I really need some help with writing in the nature eof household section in the partner visa. 

its asking to write about shared responsibility in the household - do they mean cleaning, cooking, etc etc? and if so, how are you supposed to prove something like that? 

obviously im also writing shared bills, rent, gym memberships etc which i can easily prove this but not sure if the other is relevant as well. 

please help  

thank you 
Adi


----------



## MaryMar (Sep 2, 2013)

Hello Adim,

To me it was more about the domestic arrangements and working together, sharing the work load between, you for example your parnter may cook the dinner and you wash the dishes, you sit down and work out your weekly shopping list and do the grocery shopping together. For us there are jobs we do together at the same time to spend chat time together, jobs we do apart. Hope this helps a little


----------



## adim (Aug 9, 2015)

Hi,

thanks so much yes it helps of course.. but how did you proof this? did you need to provide evidence of you cooking, grocery shopping etc? or you didnt provide evidence for this it was just in your statutory declaration or in the application? 
thanks


----------



## MaryMar (Sep 2, 2013)

No just stated that we share chores, and not take advantage of each other. If you search here under PMV there should be some helpful tips to help you along as google > Nature of the household is evidence that you and your partner share responsibilities within your household. This includes things like living arrangements, housework, joint ownership of your house, joint responsibility for bills, and correspondence addressed to both you and your partner at the same address.
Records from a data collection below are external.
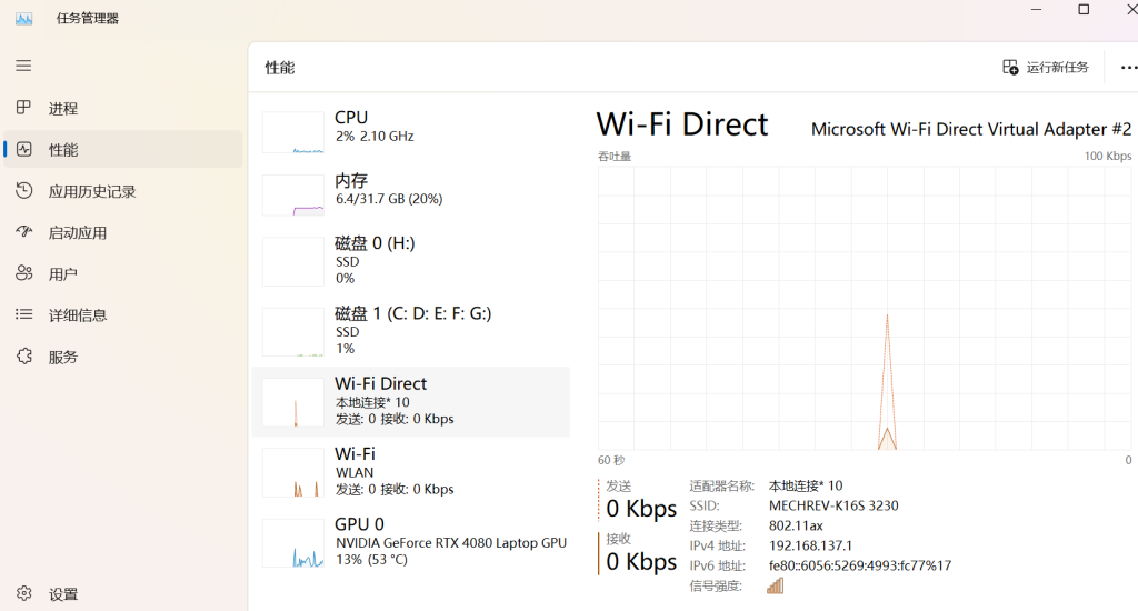 之后选择打开电脑的热点模式,此时请打开任务管理器,记住WiFi Direct(或本地连接)的IPv4地址[您也可使用ipconfig命令查询]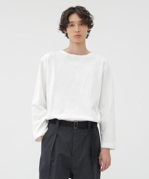 タテに走る編み目と程よいムラ感がヴィンテージのカットソーを思わせる風合いで、幅広いスタイリングに馴染むシンプルなデザイン。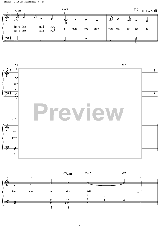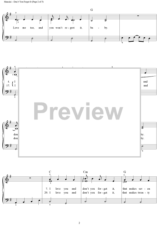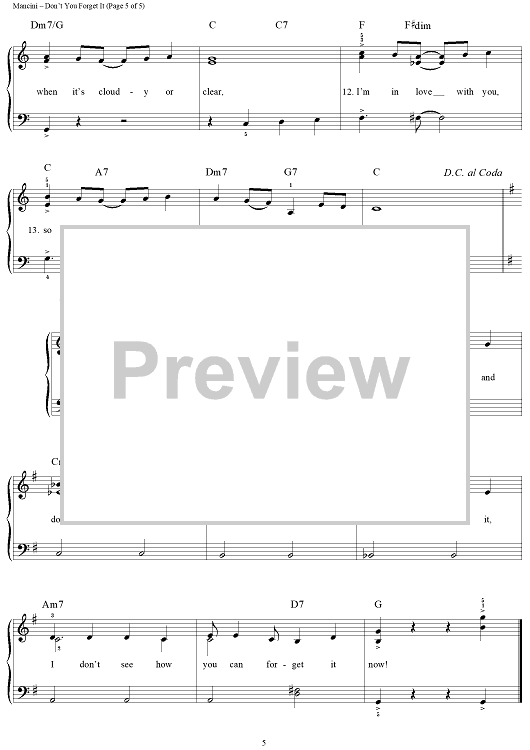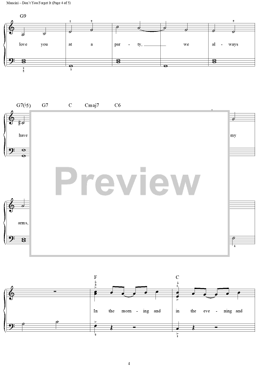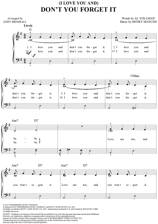 Digital Sheet Music for (I Love You And) Don't You Forget It by Henry Mancini, Perry Como, Al Stillman, John Brimhall scored for Easy Piano/Vocal; id:120424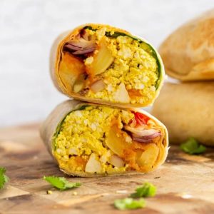 This vibrant Vegan Breakfast Burrito combines a protein-rich tofu scramble, hearty spiced breakfast potatoes, and optional chickpea pancakes for a filling, nutritious start to your day.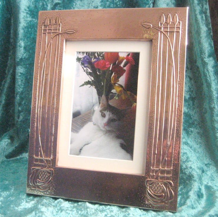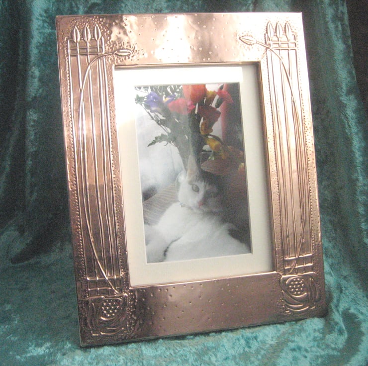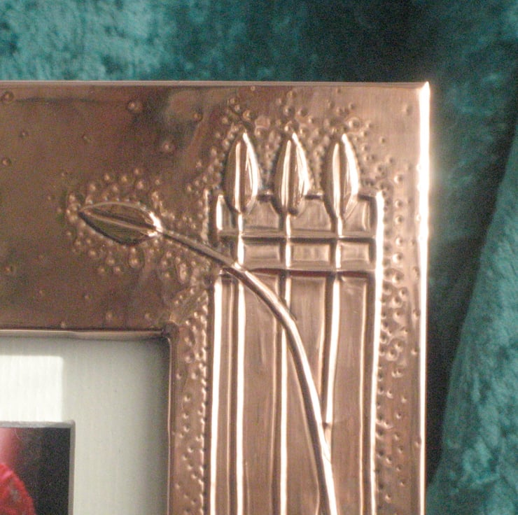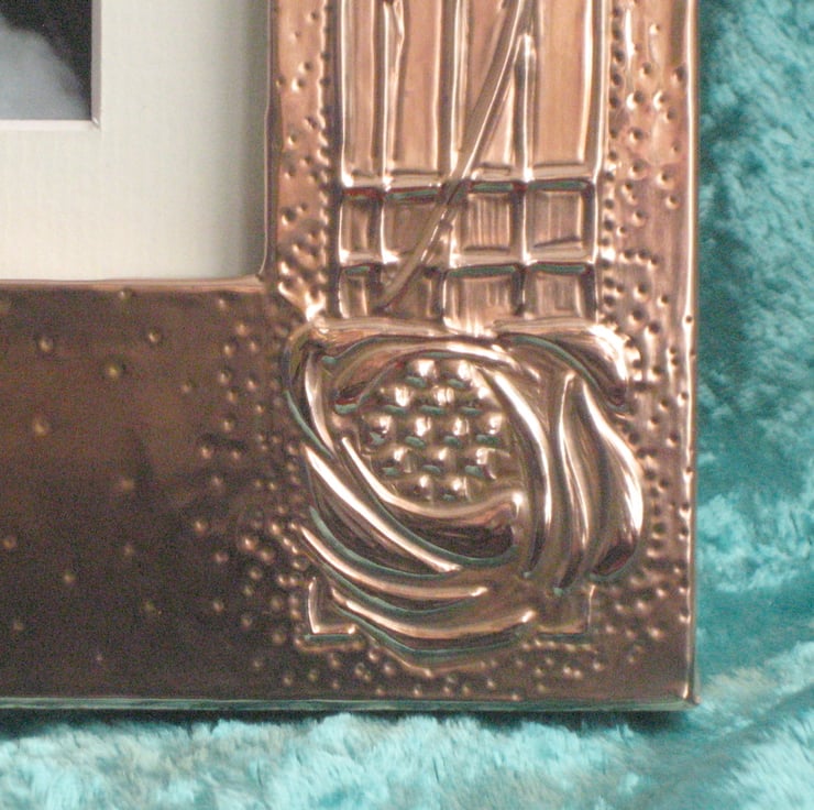 This frame has been hand-made in copper in the Arts and Crafts tradition. The design comprises elements of the work of Charles Rennie Mackintosh and the copper has been patinated and polished to a rich finish.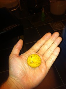 De 24,5 literne vi har fått i gjæringsbøtta er mildt sagt grumsete. Ved å ikke kjøle ned vørteren i kokekaret så utfelles ikke proteiner, estere og annen trub ned i bunnen av kokekaret, men følger med over i gjæringsdunken. Dette kommer nok til å skje etterhvert i gjæringskaret så det bekymrer oss ikke så mye. Denne gangen har vi blodfersk gjær, da vi laget starteren var det bare en liten uke siden gjæra hadde forlatt fabrikken i England. Med en god dose tilsatt O2 så skulle alt ligge tilrette for god gjæring de kommende ukene.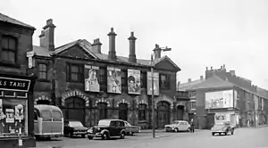 Originally named Bolton, it was renamed Bolton Great Moor Street in October 1849.[4][5] The original street level station was replaced by a temporary station at Bolton Crook Street Goods Yard on 1 August 1871 while the new station was built in a classic Italian style. It opened either on 1 April 1875[4] or on 28 September 1874 on the same site as the original station but at a higher level. The rebuilt station had four platforms covered by a roof.[6] Its reconstruction coincided with the building of the direct line to Manchester Exchange via Walkden Low Level by the London and North Western Railway which opened on 1 April 1875.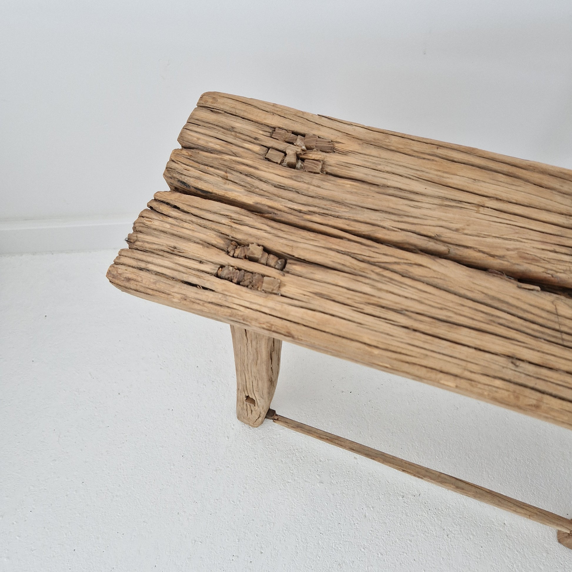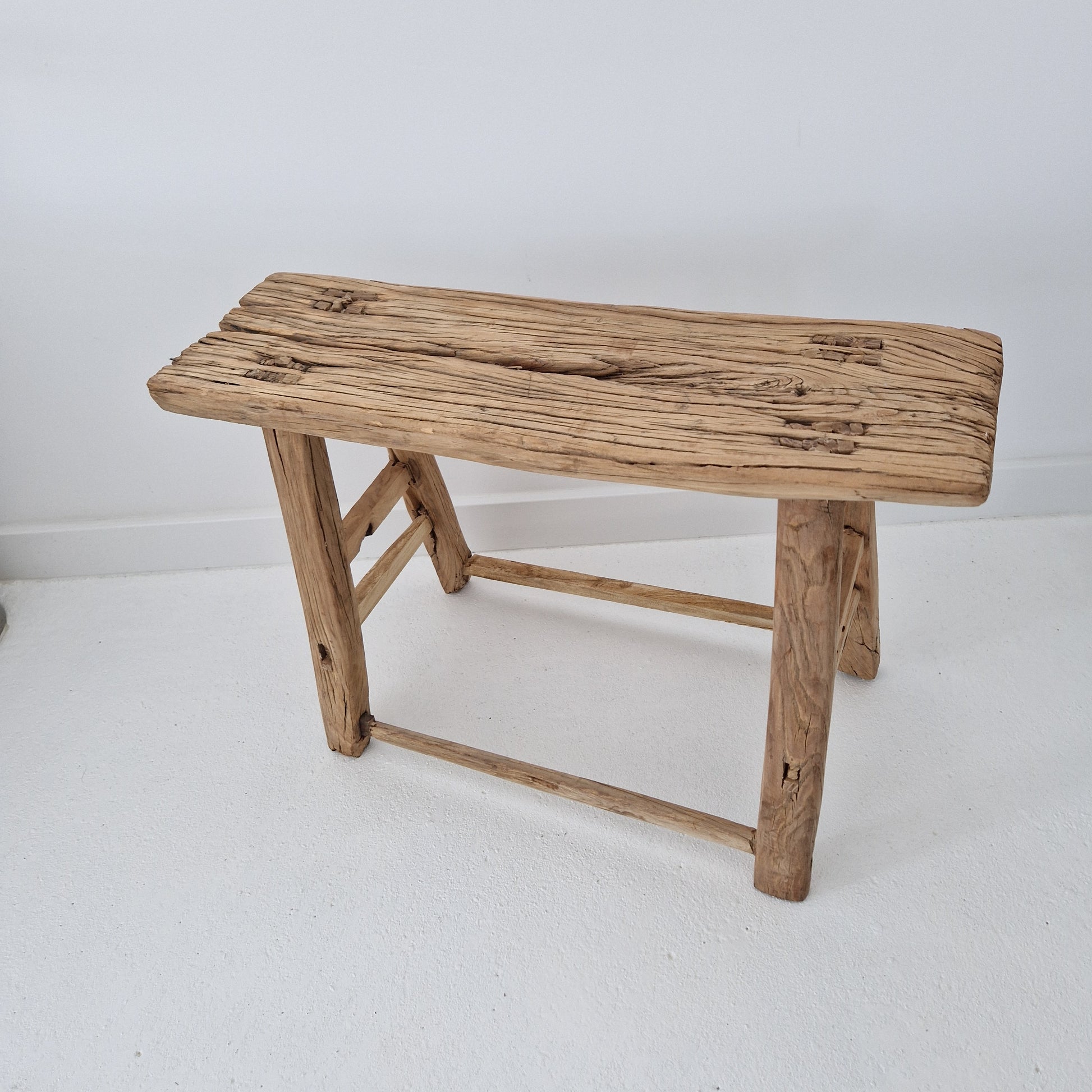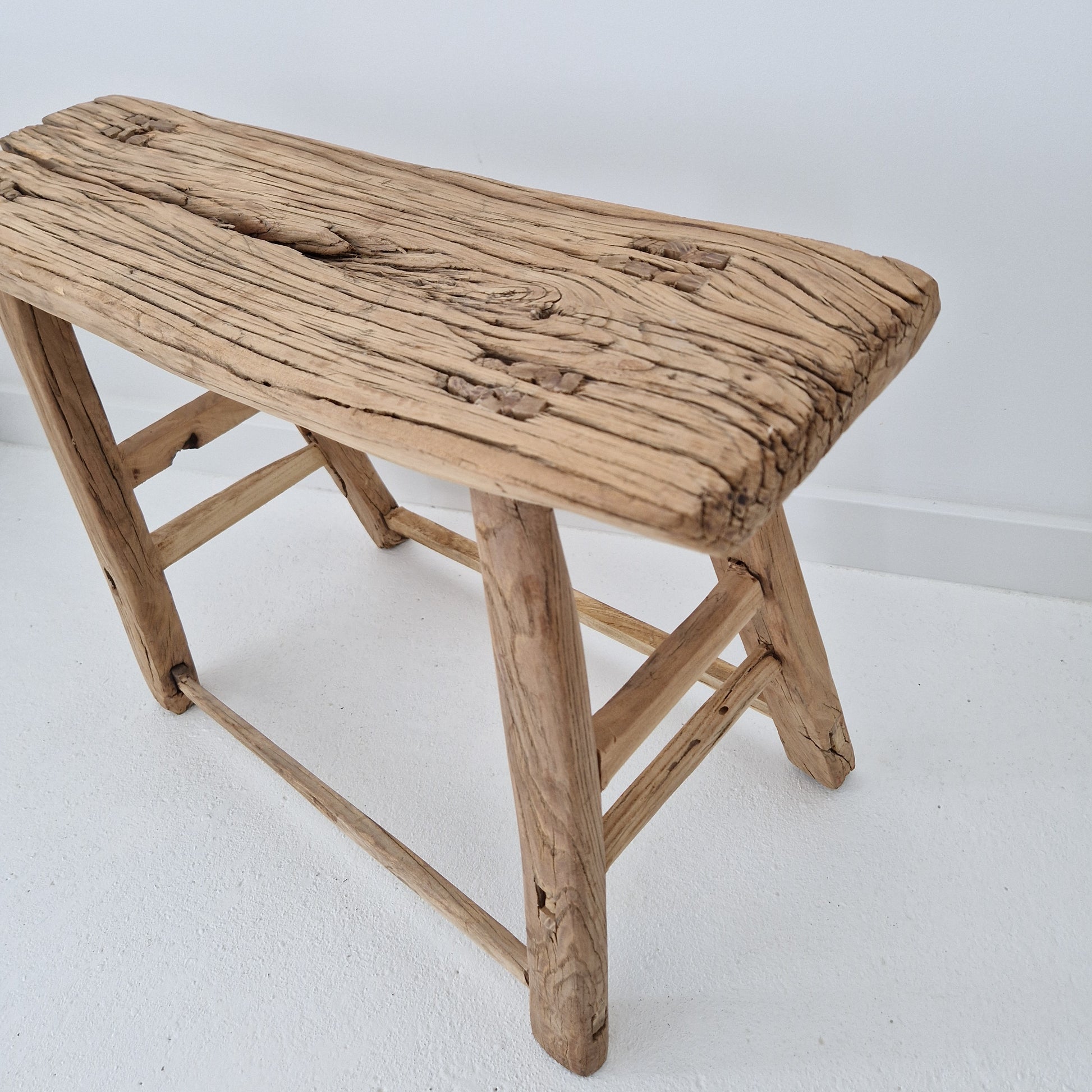 De houten kruk is met de hand gemaakt en heeft door de jaren heen een prachtige verouderde uitstraling gekregen.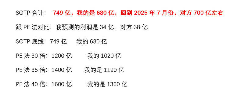 SOTP合计: 749亿,我的是680亿,回到2025年7月份,对方700亿左右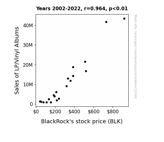 This means 93% of the change in the one variable (i.e., BlackRock's stock price (BLK)) is predictable based on the change in the other (i.e., Sales of LP/Vinyl Albums) over the 21 years from 2002 through 2022.

As with all the other sections of the visa application, the circumstances are different for everyone. If you did not own your house (for example, like in our situation we were living with our parents), that is okay. Just include everything that you feel is relevant. This can be simple things like letters from friends, as long as the letters have both your names on them.


----------



## MaryMar (Sep 2, 2013)

click this link too cheers 
http://www.australiaforum.com/visas...partner-visa-820-801-online-applications.html

https://immigrationptyltd.wordpress.com/tag/partner-household-evidence/


----------



## adim (Aug 9, 2015)

Thank you so much for you help! this is very very helpful


----------



## MaryMar (Sep 2, 2013)

you welcome, its a daunting process, just pace it and research it and do it right


----------